The organisational board in charge of marking the 24th anniversary of the Srebrenica genocide unanimously decided, on Friday, to award Euro-Parliamentarian Igor Soltes with the Potocari Charter for his promotion of the truth and protection of the genocide victims.
“People like Soltes should be the champions of the idea of the European Union because only the truth and justice can ensure lasting peace in the country, the region and Europe,” said the “Mothers of enclaves of Srebrenica and Zepa,” who are also in the organisational board.
The Charter will be awarded during this year's marking of the Genocide, on July 11.
Igor Soltes proposed the amendment to the Resolution, which the European Parliament adopted in 2018. It emphasised that Serbia's fundamental step on its path towards European integration is the recognition of the genocide in Srebrenica and the full acceptance and application of verdicts and decisions of the International Criminal Tribunal for the former Yugoslavia (ICTY), as well as its successor to the International Residual Mechanism for Criminal Courts (MICT).
In April 1993, the UN had declared the besieged enclave of the eastern Bosnian town of Srebrenica a safe area under UN protection.

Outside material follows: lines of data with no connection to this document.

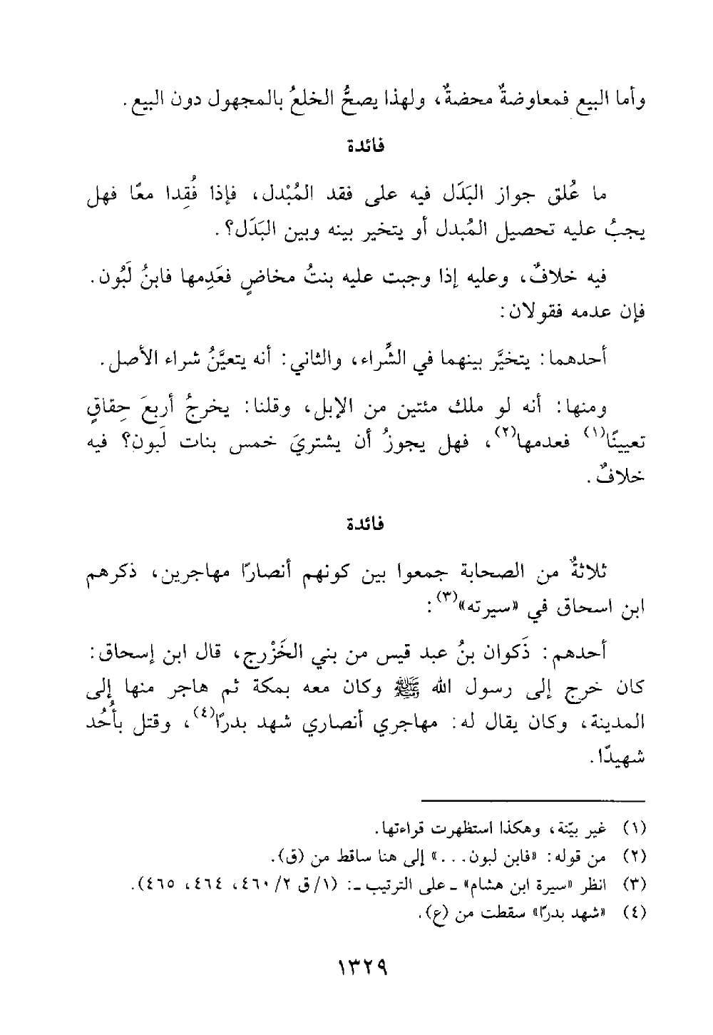 ومنها أنه لو ملك مائتين من الأبل وقلنا يخرج أربع حقاق فعدمها فهل يجوز أن يشترى خمس بنات لبون فيه خلاف فائدة ثلاثة من الصحابة كانوا أنصارا ومهاجرين
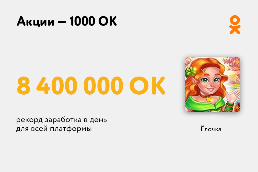 Среди разработчиков есть и рекордсмены: в игре «Целуй и знакомься» пользователи за день потратили почти 3,8 млн ОКов на мобильной платформе, в игре «Елочка» — 8,4 млн ОКов на обеих платформах.
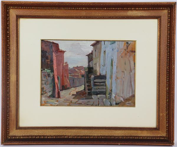 "Glimpse of a village alley", small oil painting, golden frame and passepartout
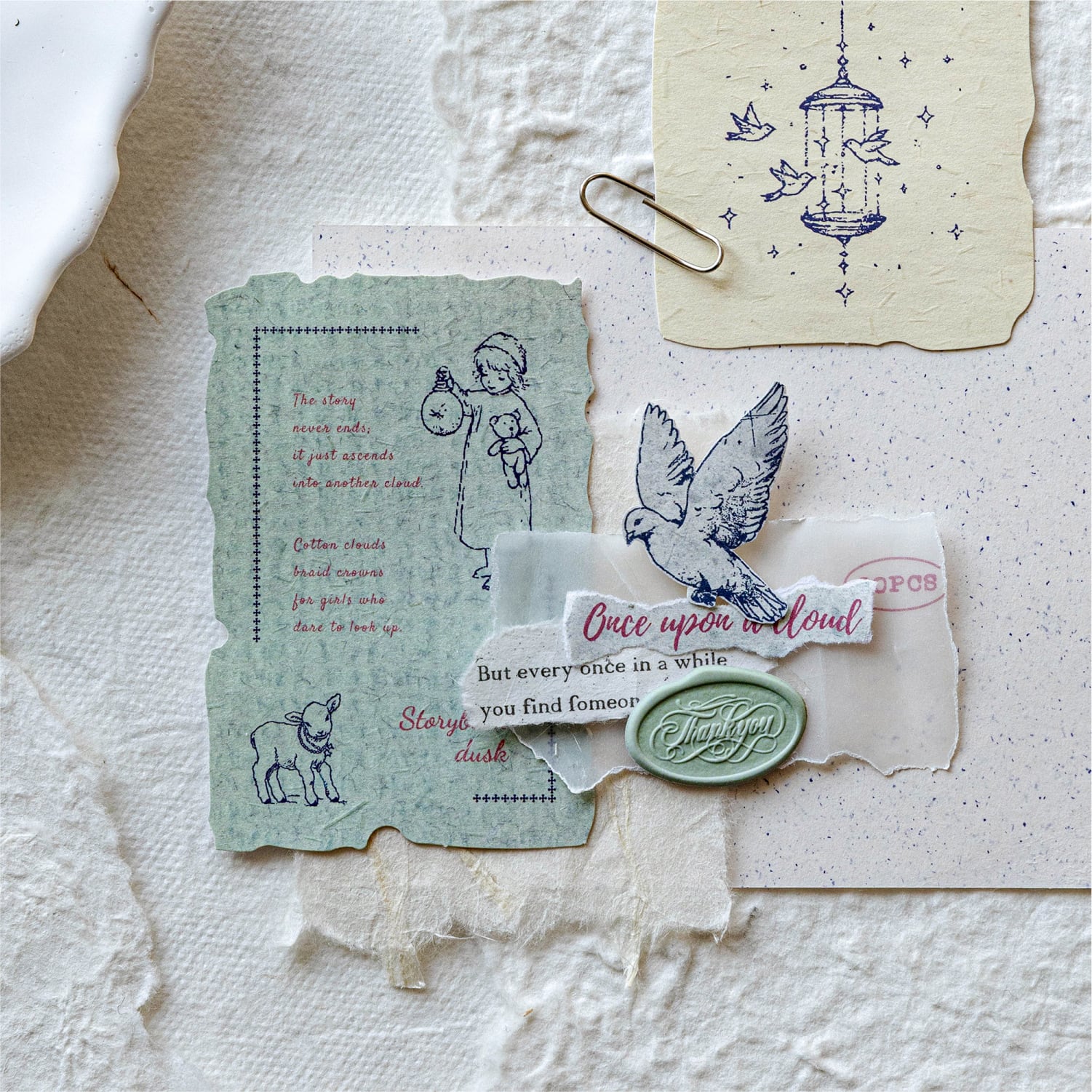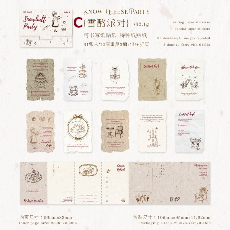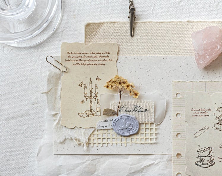 やわらかな紙の質感と繊細なデザインが魅力の紙素材シールです。書き込みができる紙シールと風合いの異なる特殊紙を組み合わせており、ナチュラルで奥行きのある仕上がりが楽しめます。アンティーク調のイラストや文字がページにやさしく馴染み、手帳やノートのデコレーション、コラージュにも自然に取り入れやすいデザインです。重ね貼りや書き込みアレンジもしやすく、落ち着いた雰囲気づくりにさりげなく活躍します。
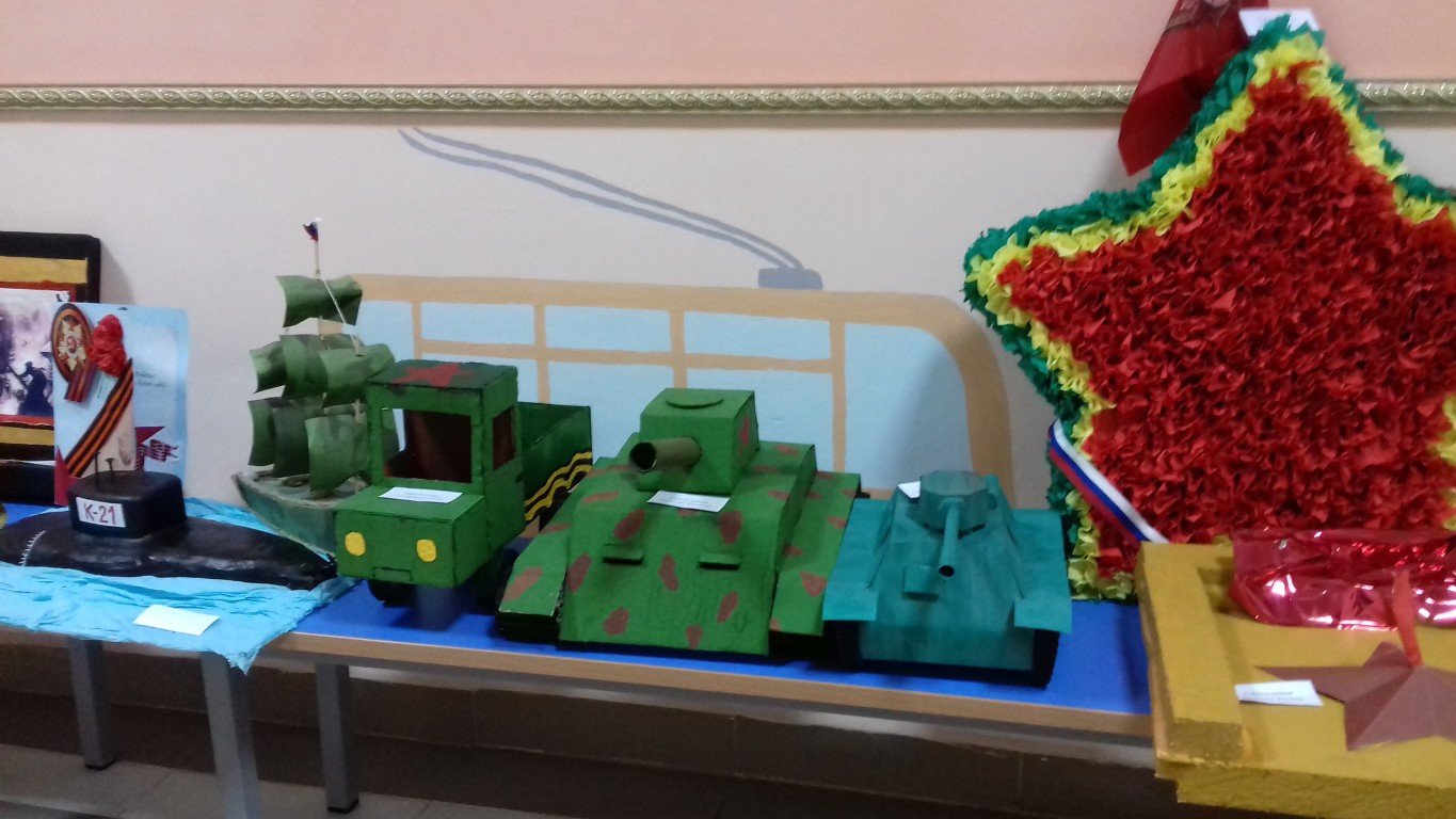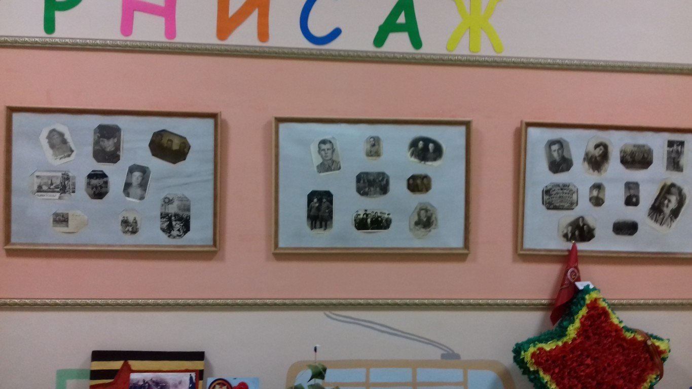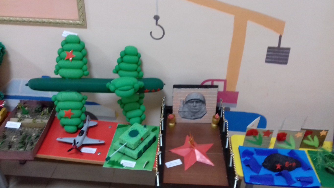Благодаря участию родителей в каждой группе были созданы стенгазеты, посвященные празднику, оформлены выставки: «Фотографии военных лет», «Военная техника».
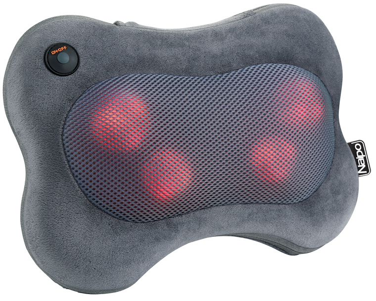 Naipo MGP-129M – масажна подушка для спини та шиї з 4 вузлами типу, що розминає, яка допоможе трохи розслабитися і зняти напругу в м'язах. Пристрій поєднує в собі техніки точкового масажу шіацу та прогрівання, що максимально посилює ефект. А спеціальний ремінець дає можливість закріпити аксесуар між сидінням та підголовником у машині, щоб використовувати у дорозі. Навіщо це потрібно? Тривале перебування в положенні сидіння або фізичні навантаження в спортзалі призводять до дискомфорту в м'язах. Масажер використовує популярну японську методику шіацу, інтенсивно розминаючи тіло чотирма вузлами. При цьому напрям обертання змінюється щохвилини, дозволяючи краще стимулювати кровопостачання та регенерацію клітин. Інфрачервоний підігрів Щоб посилити розслаблюючий ефект, можна активувати інфрачервоний обігрів масажних вузлів. У такому разі вони не тільки обертаються, а й нагріваються до температури 44 ° C, безпечної для тіла і водночас приємною для м'язів. Переключення між режимами виконується короткочасним натисканням кнопки живлення. Зручна форма Масажна подушка набула ергономічної форми з плавними вигинами, які зручно прилягають до тіла. А оздоблення ультрам'якою плюшевою тканиною забезпечує додатковий комфорт для шкіри. Крім того, для кріплення аксесуара між сидінням і підголовником в автомобілі передбачений спеціальний ремінець. Практичне живлення Пристрій підійде для використання вдома, так і в машині. А все завдяки тому, що масажна подушка укомплектована двома блоками живлення. Перший призначений для підключення до побутової електромережі, а другий до автомобільного гнізда прикурювача.
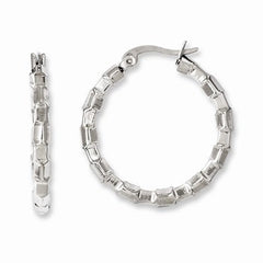 Metal: Stainless SteelLength:10 mmThickness:5 mmEarring Closure: Post & NotchFinish:PolishedFeature: HingedFree U.S. Shipping for orders over $99 Protected by our 30-Day Risk Free Returns!

However, in July 1995, the Dutch battalion soldiers failed to prevent the town's capture by the Bosnian Serb forces and the massacre that followed.
More than 8,000 Bosniak men and boys were killed in the days following July 11, 1995, and so far the remains of more than 6,600 have been found and buried.
Two international courts, The International Criminal Tribunal (ICTY) for the Former Yugoslavia and the International Court of Justice (ICJ), ruled that the massacre was an act of genocide.
International and regional courts have sentenced 45 people for what happened in Srebrenica to a total of more than 700 years behind bars.
The board also asked the international community's High Representative, in charge of overseeing the civilian implementation of the Dayton Peace Agreement, that ended the 1992-1995 war in Bosnia, to finally impose the Law Against the Denial of Genocide, through the use of his special powers.
The institution of the High Representative has the so-called Bonn Powers which give every official serving as High Representative to issue decisions, impose laws and discipline politicians by dismissing them from function and barring them from political life in the country, for the sake of speeding up Bosnia's state-building process.